The Summer Intensive began July 15 with the goal of encouraging young dancers like Hardegree to hone their skills over the course of two weeks. A crucial element of the process is instruction from seasoned professionals. This summer, the company tapped Tara Lee, a principal dancer with the Atlanta Ballet, to choreograph a special performance and share her skills.

A native of Connecticut, Lee is in her 18th season with the Atlanta Ballet.

If anyone understands Hardegree’s ambition, she would.

"(Ballet) is a pretty fantastic thing to do for a living," Lee said. "You’re constantly being inspired by different people, and you get to be physical every day, as well as an artist."

In addition to her work with the Atlanta Ballet, Lee has trained and performed with the prestigious Joffrey Ballet School in Chicago, the New Orleans Ballet Theatre and Vancouver’s Ballet British Columbia. The Atlanta company’s offseason allows Lee to spend some of the summer teaching and choreographing.

The piece Lee choreographed during the Intensive was inspired by Vivaldi’s "Four Seasons."

"It’s not necessarily about anything specific," Lee said of the dance. "There’s no storyline. There’s some abstract ideas about it in my head, but for the most part it’s music and musicality and quality I’m trying to instill in them."

Her desires for her new pupils go beyond one performance and one week of instruction.

"(I want them) to find things that inspire them every day so that the hard work is worth it," Lee said, "not to do it in a way that feels like hard work. It is hard work, no matter what, so to feel free to use your own imagination, to come up with things that inspire you, that make you more playful in the studio so that all that work is for a reason."

Diane Callahan, the Gainesville Ballet’s artistic director, knows something about a career in dance and a desire to impart wisdom to students.

Directly after graduating high school, Callahan joined the Ballet Nacional de Cuba.

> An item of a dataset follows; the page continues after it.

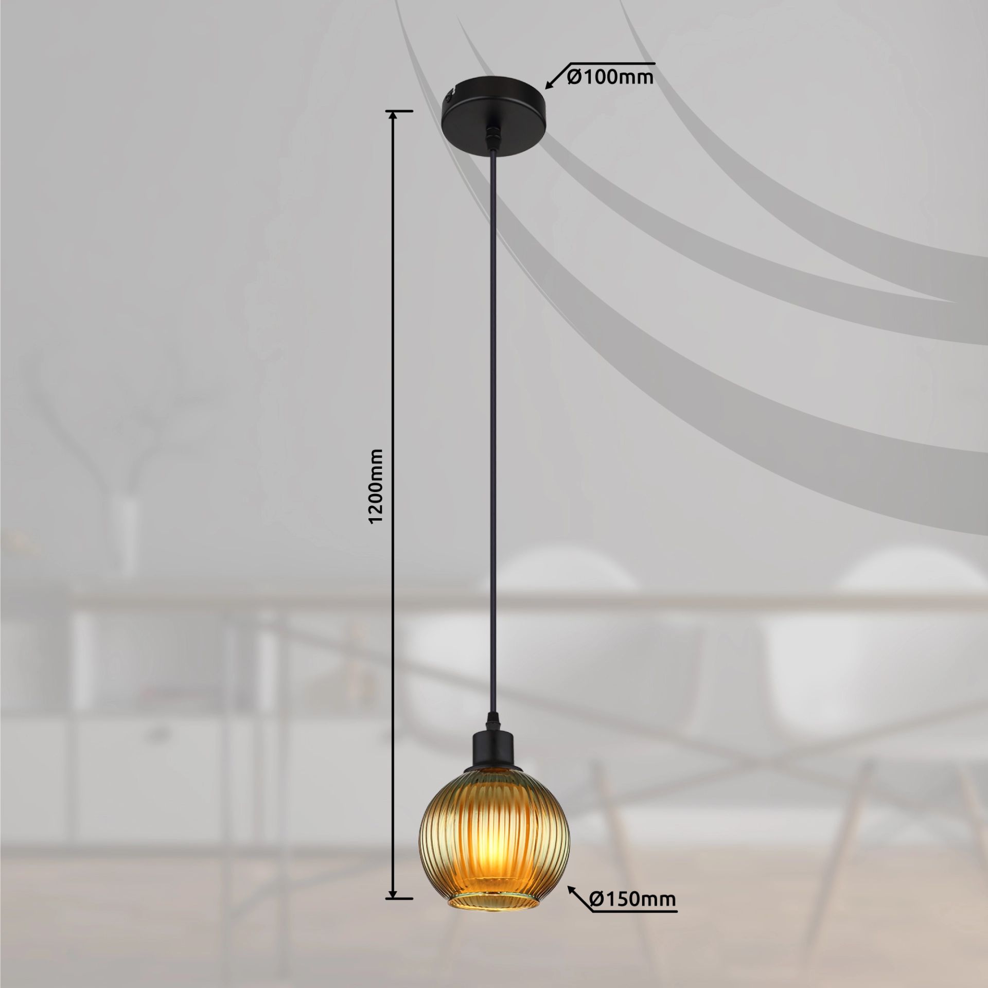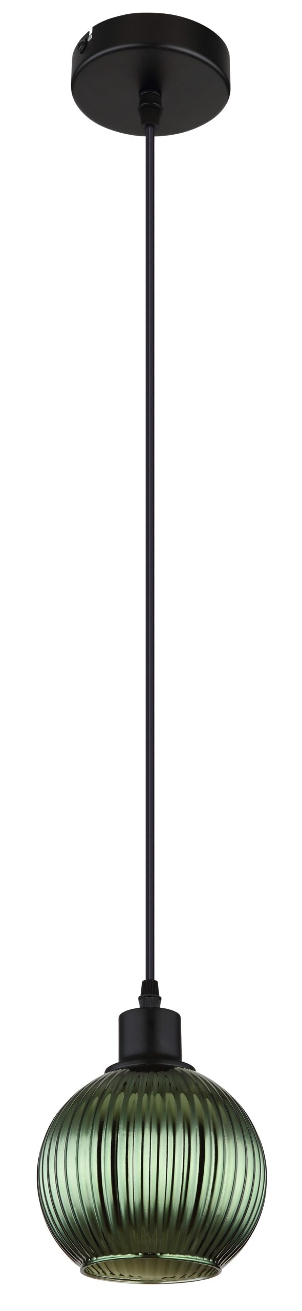 Deze hanglamp, voorzien van een ronde gegroefde glazen bol in een mooie combinatie van groen en wit, is een moderne en stijlvolle verlichtingsoplossing die elke ruimte transformeert. Het lamplichaam is vervaardigd uit matzwart metaal, wat voor een strakke en elegante uitstraling zorgt. De glazen bol heeft een doorsnede van 150 mm en is aan de binnenzijde wit, wat bijdraagt aan een zachte en gelijkmatige lichtverdeling.

In her career, she also performed with the San Francisco Ballet and the Atlanta Ballet. Callahan founded the Gainesville School of Ballet in 1969 and the Gainesville Ballet Company in 1974.

In her 40th year as the company’s director, Callahan credits her desire to teach with sustaining her.

"The kids, the talent, the ones that have the desire — I keep doing it to see them get better, see them develop," Callahan said. "All their hopes and dreams, it keeps you young, keeps you wanting to help them as a teacher."

Callahan still instructs students using hand gestures and voice commands, but appreciates every opportunity her students have to learn from an active dancer.

"I think it’s wonderful," Callahan said. "(Lee) is one of the few (guest instructors) we have that I feel is a tremendous inspiration, because she’s still dancing."

After just a few days of instruction, Lee’s impact on the dancers is already apparent.

"I have learned so much from Tara," Hardegree said. "She has explained things to me in a way that in my 19 years nobody has. It’s also refreshing having someone who’s a modern-day dancer teaching modern-day dancers, not somebody who trained in Russia 30 years ago. It’s a whole new experience and I love it."

Lee’s time with the dancers of the Summer Intensive will conclude with the performance, but her advice to aspiring dancers like Hardegree is fit for a lifetime.

"I wouldn’t let any influence besides their own belief about themselves to influence them," Lee said. "I’ve seen less talented people make it rather than some people who had more natural talent, just because they had the will, the determination, the persistence, the focus. In a way if you have that and you want to do it, you probably can do it."